GAWK Issue/question/curiosity #2: (can a function return an array?)

79 views
Skip to first unread message

Kenny McCormack

unread,
Mar 26, 2015, 10:06:49 AM3/26/15
to
Can I have a user-defined function that returns an array?
Like: function foo() { A[1];return A }

As far as I can tell, the answer is "no"; whenever I try I get:

gawk4: cmd. line:1: fatal: attempt to use array `A' in a scalar context

I'm aware that the usual workaround is to pass an array in as a parameter
and have the function modify the array. But that's not really as
convenient as if the function could just return the array.

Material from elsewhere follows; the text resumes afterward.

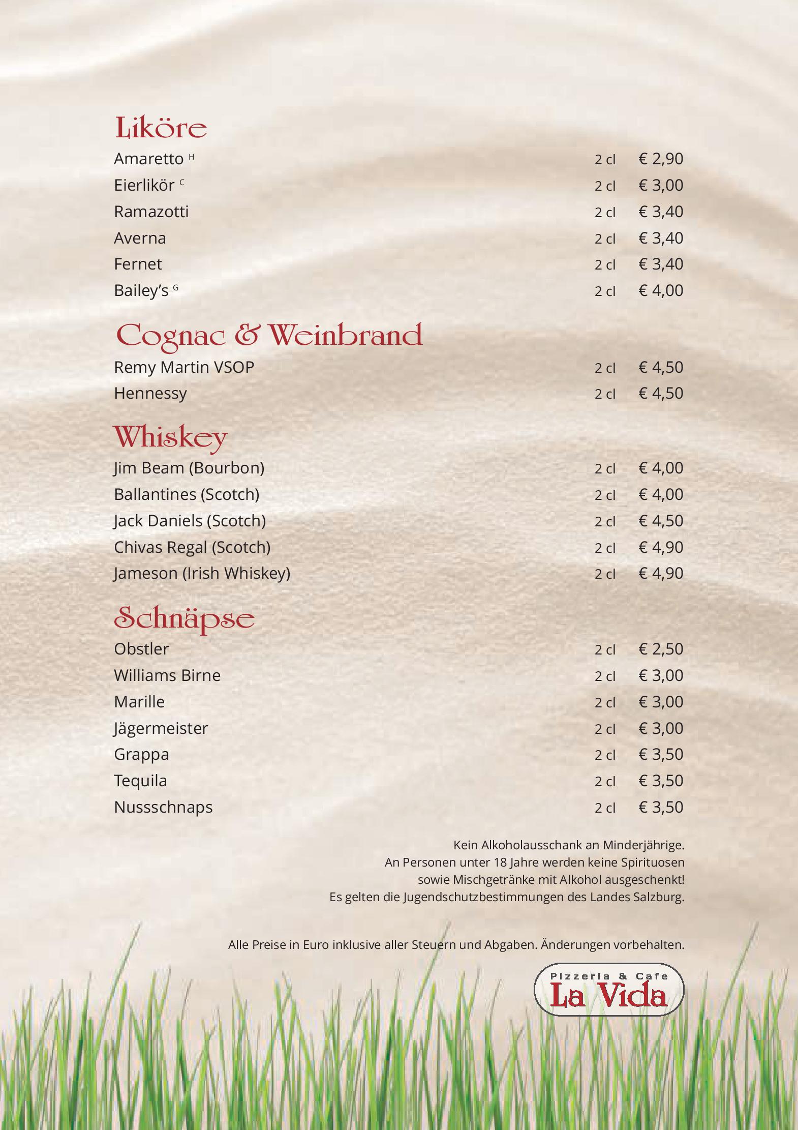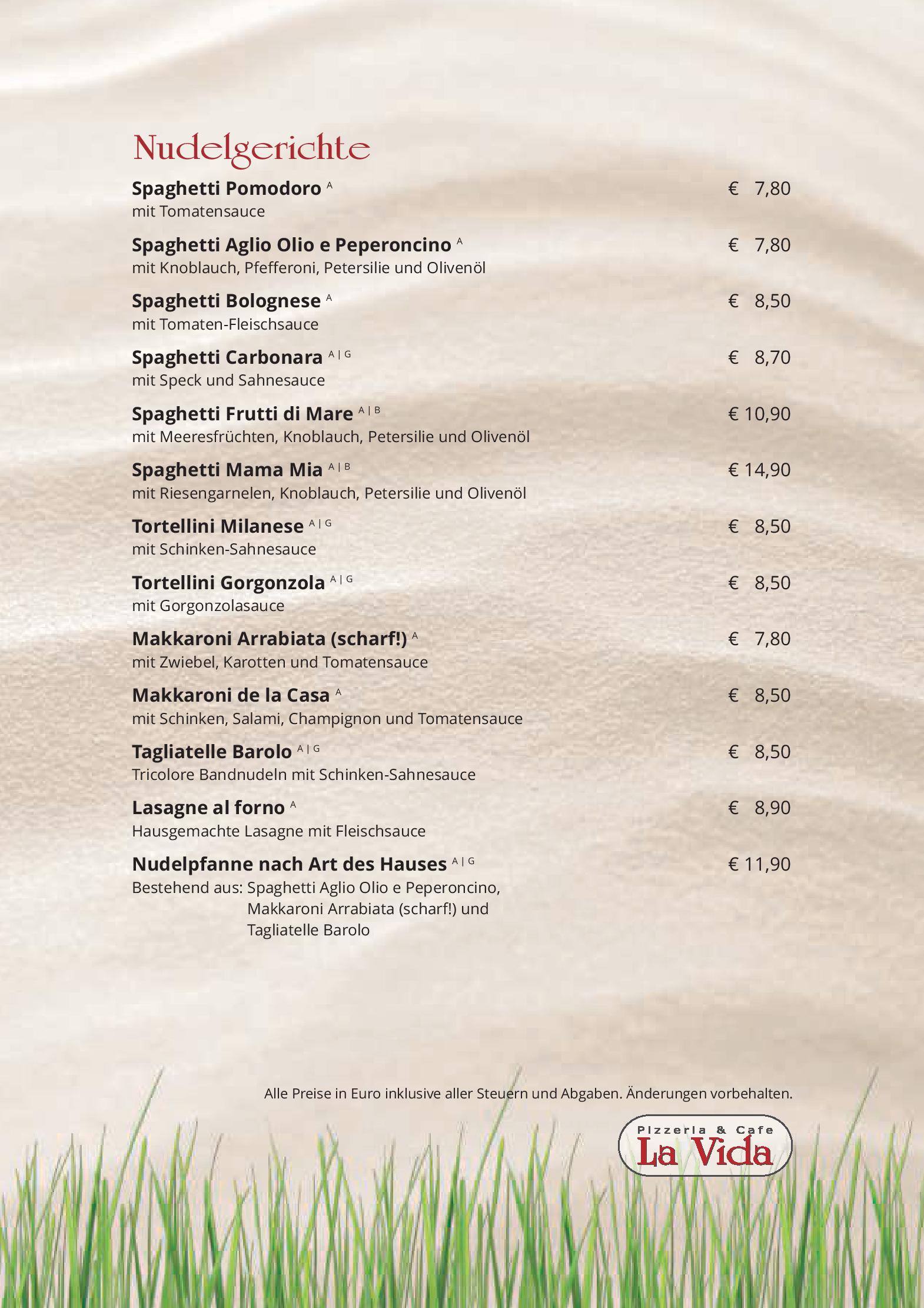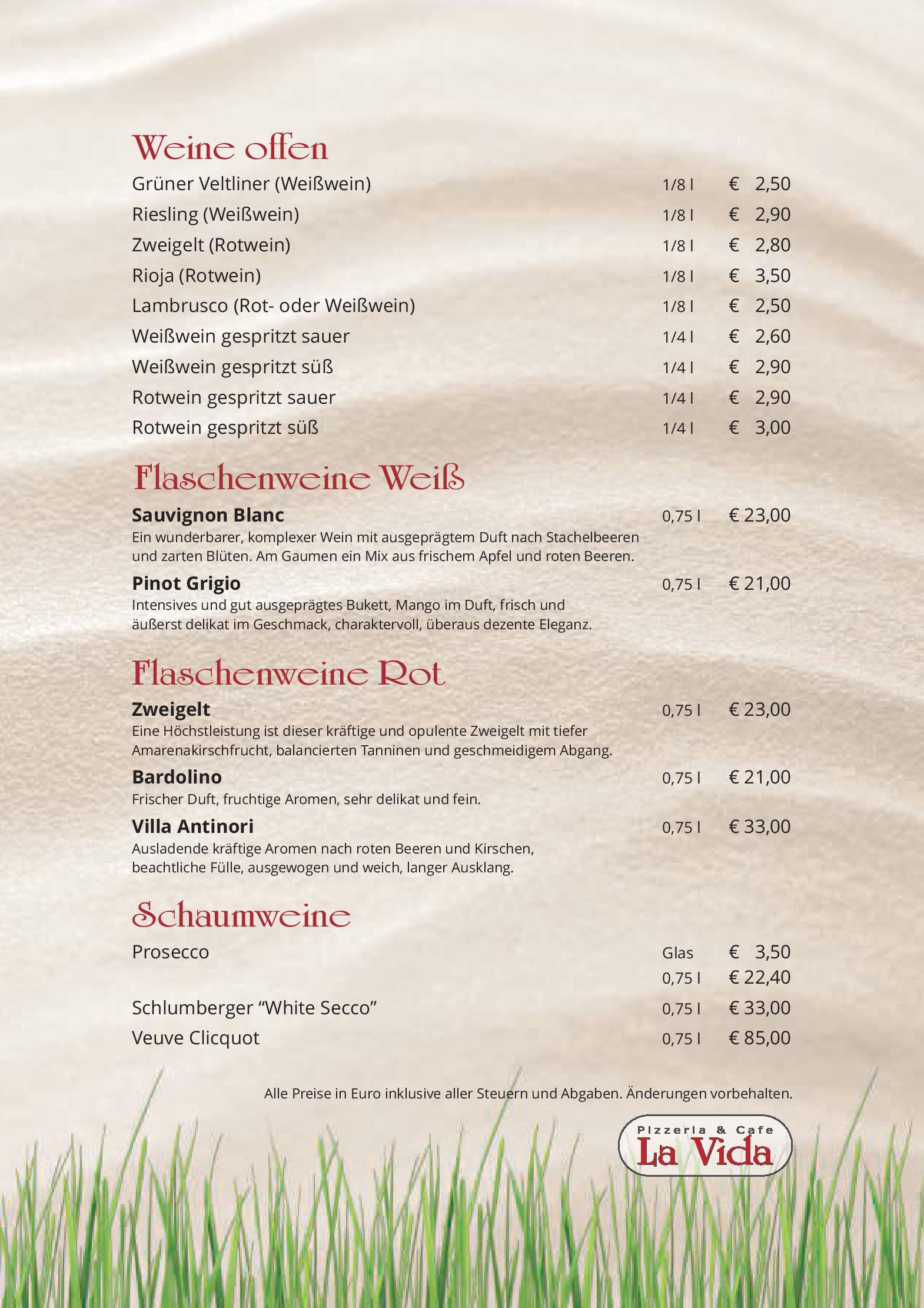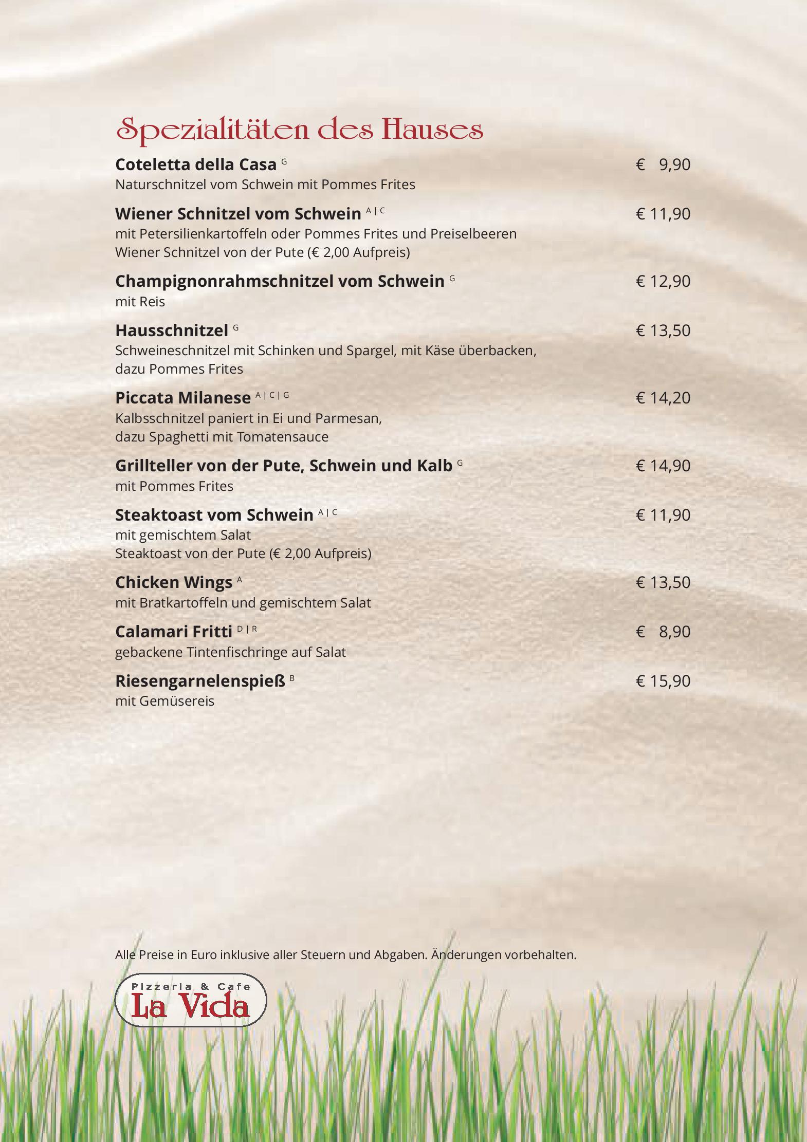 Download der Speisekarte des Restaurant Cafe Pizzeria La Vida in Bruck an der Grossglocknerstrasse im PDF-Format

Incidentally, this works in TAWK:

C:>awkw 'function foo() { local A;A[1];return A } BEGIN {A[2];A=foo();for (i in A) print i}'
1
C:>

Note that if you leave out the "local A", then the final print will print
both 1 and 2.
--
"Remember when teachers, public employees, Planned Parenthood, NPR and PBS
crashed the stock market, wiped out half of our 401Ks, took trillions in
TARP money, spilled oil in the Gulf of Mexico, gave themselves billions in
bonuses, and paid no taxes? Yeah, me neither."

Kenny McCormack

unread,
Apr 7, 2015, 7:36:21 AM4/7/15
to
In article <mf13po$4se$3...@news.xmission.com>,
Kenny McCormack <gaz...@shell.xmission.com> wrote:
>Can I have a user-defined function that returns an array?
>Like: function foo() { A[1];return A }
>
>As far as I can tell, the answer is "no"; whenever I try I get:
>
> gawk4: cmd. line:1: fatal: attempt to use array `A' in a scalar context
>
>I'm aware that the usual workaround is to pass an array in as a parameter
>and have the function modify the array. But that's not really as
>convenient as if the function could just return the array.
>
>Incidentally, this works in TAWK:
>
>C:>awkw 'function foo() { local A;A[1];return A } BEGIN {A[2];A=foo();for (i in
>A) print i}'
>1
>C:>
>
>Note that if you leave out the "local A", then the final print will print
>both 1 and 2.

Bump!!!

--
Those on the right constantly remind us that America is not a
democracy; now they claim that Obama is a threat to democracy.

Andrew Schorr

unread,
Apr 7, 2015, 8:45:47 PM4/7/15
to
On Tuesday, April 7, 2015 at 7:36:21 AM UTC-4, Kenny McCormack wrote:
> Kenny McCormack wrote:
> >Can I have a user-defined function that returns an array?
> >Like: function foo() { A[1];return A }
> >
> >As far as I can tell, the answer is "no"; whenever I try I get:
> >
> > gawk4: cmd. line:1: fatal: attempt to use array `A' in a scalar context
> >
> Bump!!!

I think you answered your own question. What more is there to say?

Regards,
Andy

Kenny McCormack

unread,
Apr 7, 2015, 9:17:42 PM4/7/15
to
In article <4ebb8860-5c88-46de...@googlegroups.com>,
OK, thanks. The point of many of these posts of mine is to get
confirmation from the experts. That's you.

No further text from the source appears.